Breaker, le frenchie : Expert en langues et en communication, il devrait jouer un rôle minime mais apporter ses connaissances à l’équipe.

Dans le civil : d’abord méchant français de service, Saïd Taghmaoui continue d’infiltrer les grandes productions américaines pour représenter fièrement nos couleurs au sein des GI.

 

 

 

Cover Girl, la potiche : A l’image de son rôle, Karolina Kurkova est une ex mannequin qui décide de mettre son corps au service du cinéma… et ici de l’armée pour servir sa nation. Dans le dessin animé, elle craque sur le beau Duke.

 


 

 

   

 

Les Cobras :

 

Le Commandant Cobra, le Parrain : L’homme qui tire toutes les ficelles.  Défiguré suite à une explosion, il porte un masque qui empêche de connaître son identité. D’abord effacé au profit de Destro dans ce premier film, on devrait assister à son ascension vers le Mal an tant que « The Doctor » avant qu’il ne devienne le grand méchant d’un futur volet. D’où le sous titre du film : le réveil du Cobra.

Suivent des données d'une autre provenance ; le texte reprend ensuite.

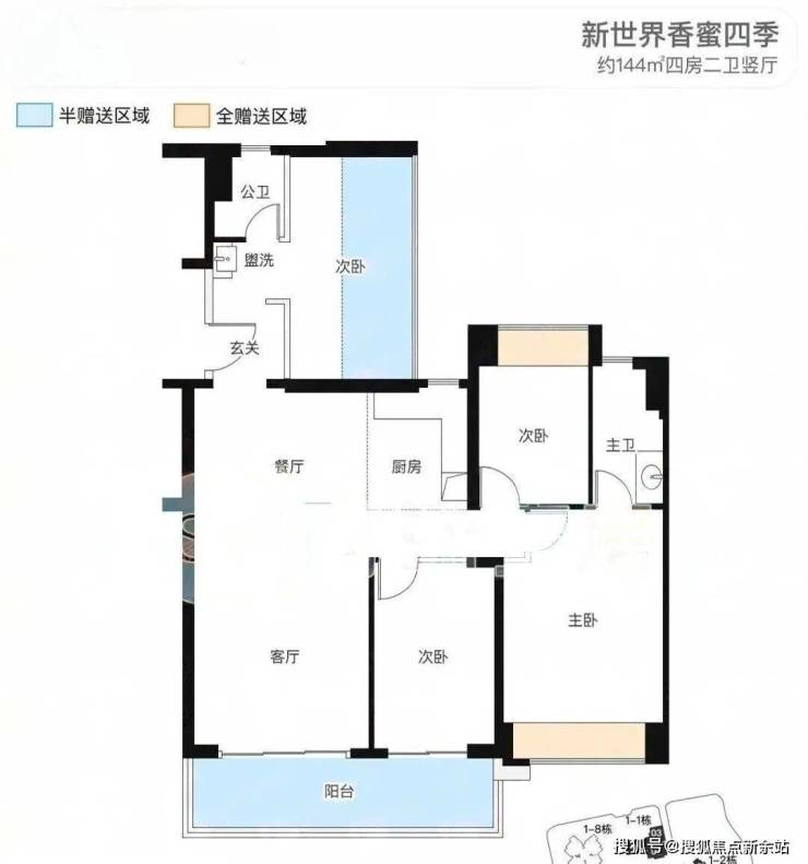 【建筑面积144㎡4房2卫】

Dans le civil : le choix du jeune Joseph Gordon Levitt, habitué aux films d’auteurs, surprend encore les fans. Si son masque devrait être modifié, rappelant trop celui du Ku Klux Klan, l’acteur a assuré qu’il garderait cette même voix charismatique du dessin animé.

 


 

 

  

Destro, le lieutenant : Trafiquant d’armes pour les industries Mars, il rêve de conquérir le monde. C’est la parfaite Némésis du Général Hawk. Dans la série, il a une relation passionnelle avec la Baronesse. On ne sait pas encore s’il portera son masque de métal dans le film.

Dans le civil : étonnamment, c’est le british Christopher Eccleston, ancien homme invisible d’Heroes et Doctor Who de la nouvelle série, qui incarne ce méchant. On espère qu’il saura lui donner toute sa classe et son humour.

 


 

 

  

 

La Baronesse, la femme fatale : cette espionne au service du mal donne du fil à retordre aux GI, mais saura-t-elle effacer la relation qu’elle a eue avec le beau Duke ?

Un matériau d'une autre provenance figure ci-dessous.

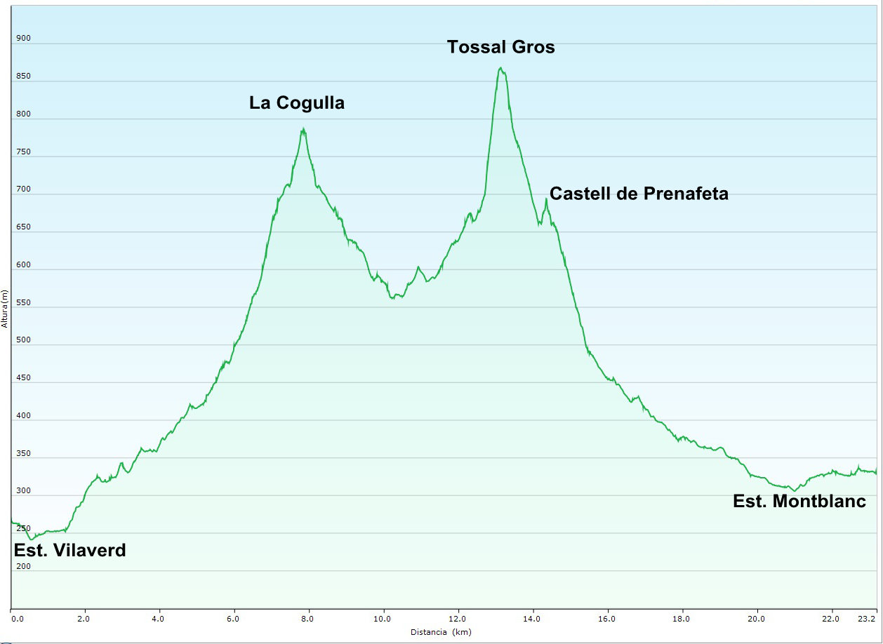 - Ruta: Estació de Vilaverd – pont d’Argüelles – Lilla – La Cogulla – Miramar – Alzina Grossa – coll de Prenafeta – Tossal Gros – coll de Planota de Faló – Castell de Prenafeta – Prenafeta – Santa Anna de Montornès – Montblanc

Dans le civil : l’ex mannequin Sienna Miller se teint en brune et sort les armes. Un beau crêpage de chignon en perspective avec Scarlett ?

 



 

  

 

Storm Shadow, le mercenaire : Le personnage préféré des fans. Son arrivée dans la série de comics a créé un numéro mémorable, dépourvu de dialogues, mais puissant dans sa mise en scène. Ancien frère d’armes de Snake Eyes, il est sans cesse tiraillé entre les deux clans.

Dans le civil : le bad boy classe Lee Byung-Hun du Bon, La Brute et le Cinglé s’est déjà importé aux Etats Unis et amène son savoir-faire en matière d’arts martiaux. Avec pour partenaire Ray Park, les séquences de duels de sabres sont assurées.

 


 

 

  

 

Les copains de Stephen Sommers : le réalisateur a ses supporters et ses fidèles. Les anciens héros de la Momie feront quelques apparitions. On pourra apercevoir Brendan Fraser lors d’une séquence dans un camp et Arnold Vosloo sera Zartan, un expert en déguisements pour Destro.

 



 

  

 

Bien sûr ce film servira à créer une autre ligne de jouets et montre que les américains ne peuvent s’empêcher de jouer aux gendarmes du monde (une partie des scènes se passe à Paris, on va rigoler). Mais le côté superhéros devrait effacer le premier rôle des GI de combattre le terrorisme et mettre plus en avant leur mythologie oubliée pour assurer un honnête divertissement sans ambiguïté.